Unas horas después, los dos amigos paseaban por los andenes de la estación de Pamplona. A la mañana siguiente, tal y como les había indicado el revisor, debían acudir a la ventanilla con sus respectivos billetes para solventar los inconvenientes surgidos.
─La cosa es que desde hace un par de años me encuentro un poco deprimido y tengo algunos problemas con las tripas ─confesó Luis a su amigo.
─¿Y qué te dice el médico?
─El psiquiatra me dice que estoy deprimido por esos problemas estomacales que arrastro.
─¿Y el del estómago?
─Es una doctora, y me dice que tengo problemas estomacales porque estoy deprimido.
─¿Y no le explicaste de nuevo al psiquiatra?
─Sí, comencé a hacerlo; pero me corté porque ¡estaba con un genio…!

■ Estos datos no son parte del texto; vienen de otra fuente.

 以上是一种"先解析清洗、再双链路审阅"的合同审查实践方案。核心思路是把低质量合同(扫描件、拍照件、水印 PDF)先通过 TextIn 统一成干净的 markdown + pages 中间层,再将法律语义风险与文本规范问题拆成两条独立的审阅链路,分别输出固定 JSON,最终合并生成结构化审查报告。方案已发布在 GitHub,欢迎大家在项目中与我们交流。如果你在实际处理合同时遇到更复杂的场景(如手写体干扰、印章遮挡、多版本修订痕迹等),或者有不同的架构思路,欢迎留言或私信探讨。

─¡Joder, pues haberle preguntado al genio! Seguro que te lo hubiera solucionado.
─Mira, en aquel momento no se me ocurrió la idea…
─Yo también tuve mis problemas con un supuesto experto financiero ─apuntó Antonio─. Junté unos ahorrillos de doce mil euros, y este experto, al que nunca olvidaré porque era bizco, me recomendó que los invirtiera en acciones de la Telefónica: «Ahora es el momento», me aseguró: «Si no se doblan en un año, me saco el ojo que me queda». Le hice caso, y vino toda la crisis de las empresas tecnológicas, y al final solo pude recuperar tres mil euros de toda la inversión.
─¿Y el experto?
─Ahora vende cupones de la ONCE.
─Yo de la bolsa no me fio ─replicó Luis─. Pero fíjate. Una adivina me ha dicho que estas navidades va a caer el gordo en La Coruña en un número terminado en seis, y a eso iba.
─¿Y tú crees en eso?
─Ya lo creo. El año pasado soñé que compraba lotería en un estanco de mi barrio.
─¿Y te tocó?
─No. Pero la compré. Soñé que la compraba, y la compré.

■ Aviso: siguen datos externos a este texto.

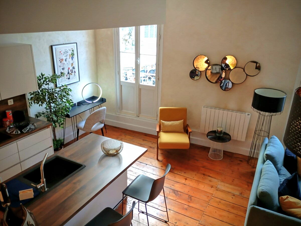 Bain sult as radhairc iontacha ar an Tour du Roy ón teach cloiche galánta seo, atá athchóirithe go galánta i gcroílár chathair mheánaoiseach Saint-Émilion. Tá gach rud laistigh d'achar siúil: bialanna, séadchomharthaí stairiúla agus siopaí ceardaithe. Áit eisceachtúil chun do scíth a ligean, dul ag spaisteoireacht trí na caolsráideanna agus taitneamh a bhaint as ealaín áitiúil na maireachtála. -15% le haghaidh tréimhsí fanachta seachtainiúla. 🍷✨

─Yo nunca he creído en esas cosas. Siempre me decía que si uno quería ser algo en la vida, tenía que apuntarse a unas oposiciones y estudiar duro.
─¿Y por qué no lo hiciste?
─Porque me lo decía, pero nunca me escuchaba.
─¿Y ahora?
─Ahora sí. Con el tiempo uno madura y aprende a escuchar a los demás, y a escucharse a sí mismo, que es más importante.
─¿Y entonces, qué?
─Que ahora ya no me lo digo.
─Pues yo de joven siempre procuraba escuchar a mis mayores.

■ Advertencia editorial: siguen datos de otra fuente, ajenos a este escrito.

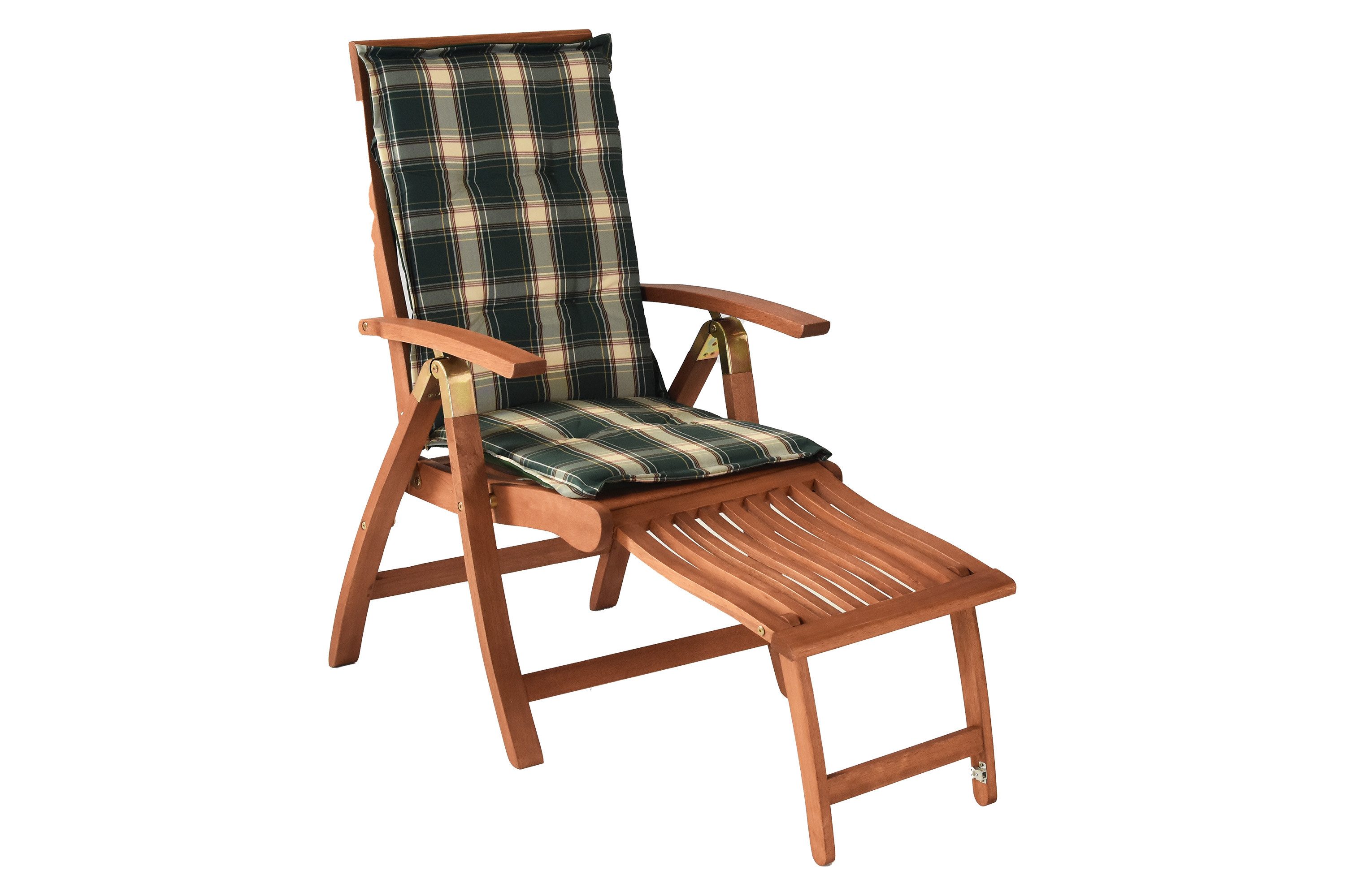 Dieses zweiteilige Comodoro Set besteht aus einem Klappsessel mit Fußteil und einem Kissen.

─Hombre, yo también. A mí me decían: «A las diez en casa», y a las diez menos cinco estaba allí como un reloj. Claro, que del día siguiente…
─Volviendo al tema de los misterios ─retomó Luis─, algo tiene que haber; mira, cuando era pequeño me tragué accidentalmente una moneda de un duro, y a los dos o tres días, al hacer de vientre, en vez de echar el duro, eché una peseta.
─¿Y eso te extraña? Sería por la inflación. ¡Como tardaste tanto tiempo en cagar…! A mí lo más raro que me ha pasado fue un día muy caluroso; a la noche abrí todas las ventanas de mi casa para que se refrescara y, mientras lo hacía, mentalmente, me dije: «Que corra el aire», y justo en ese momento oí que en la televisión alguien decía esa misma frase. Siempre he tenido la duda de si fue casualidad o hubo algo más.
─Eso no es nada. Yo una vez en un partido de fútbol grité: «¡Gol!», y treinta mil personas gritaron: «¡Gol!» al mismo tiempo.
─¡Y eso ¿qué tiene de raro?, si fue gol…!
─No hubiera tenido nada de raro de no ser porque estábamos en el descanso.
─Bueno, al final tampoco ha sido para tanto. En una hora nos cambiarán los billetes y santas pascuas.
Luis, que llevaba un rato pensativo, repentinamente soltó un alarido:
─¡Maldición! ¡Todo me tiene que pasar a mí! ¡Me he dejado el billete en el tren!
─¡Ja, ja, ja! ─rio triunfal Antonio─. ¡Que no se puede andar así por la vida! ─y mostrando el suyo a su amigo, comenzó a deletrear con la misma sorna que la noche anterior─, ¿qué pone aquí?: LA -C O-R U … ¡Me cago en la leche…! ¡Algo ha pasao!